Traveller, The Rise of Empire: A Naval Design, Procurement and Command Quest

Interesting question. The main problem with that is there would be no way to use active sensors, since there wouldn't be enough time.
Fair enough. In practice it would likely be better to wait a few minutes, to allow scanning with active sensors.

That said, I think the idea still has real merit, if technically feasible. Such a ship would be very difficult to destroy, since it could jump out as soon as it detects any kind of sensor signal from another, potentially hostile ship.
 
Ooops. It doesn't make sense to wait in that case. All right then guys, what name do we choose? Heimdall? Xuan Phan? Machadamia? I'll rewrite the plan to do Xuan Phan for the time being.
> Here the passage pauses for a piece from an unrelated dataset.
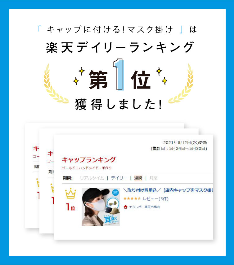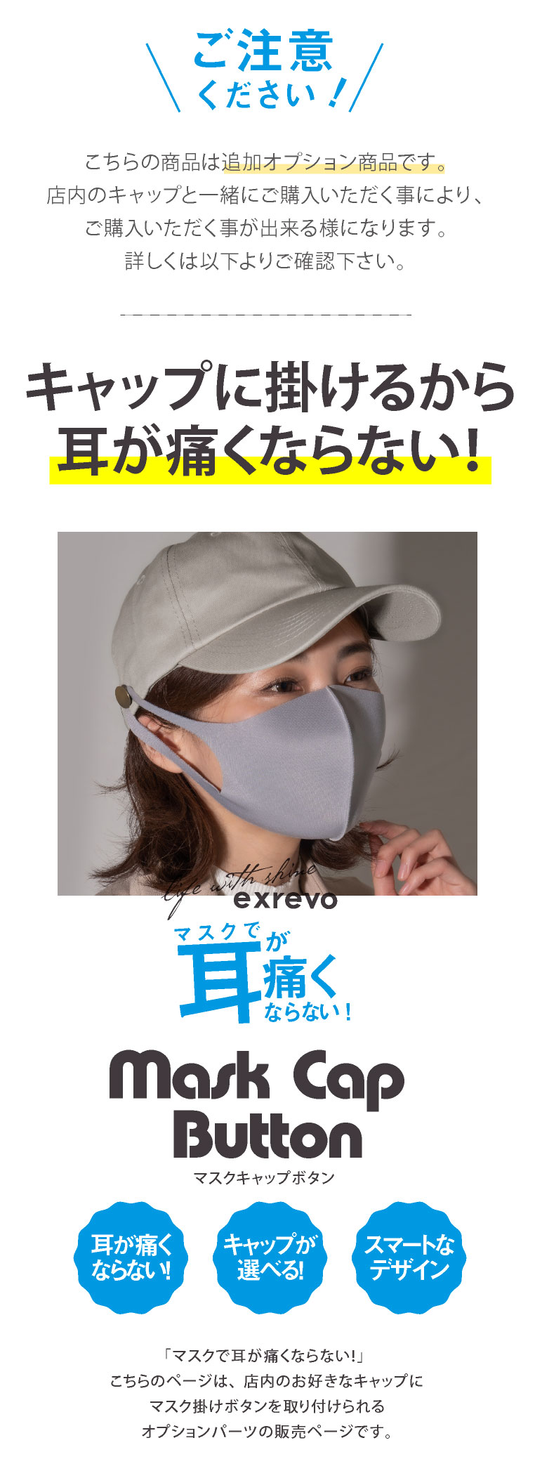 「マスクで耳が痛くならない!」 こちらのページは、店内のお好きなキャップに マスク掛けボタンを取り付けられるオプションパーツの販売ページです。

We ought to have some defenses, but in the end it's not a combat vessel. If it finds itself in active combat it should be jumping ASAP.
Heimdall I think. A lot more people died on it than just the captain.

Defensive weapons and engines help buy time for that, though.

The way I see it, is that Deep Space Surveyors make the initial pass and then Interstellar Surveyors come and do more detailed and long-term analyses.

That works fine for a thorough survey, but my concern is jumping into potentially inhabited systems.

The Interstellar Surveyor was specifically built tough, to run away from any trouble and defend itself if need be, though its point-defence suite has proven tragically outdated, while the Deep Space Surveyor is built for long-duration observation missions and is not equipped for danger (its more modern defensive weapons suite notwithstanding).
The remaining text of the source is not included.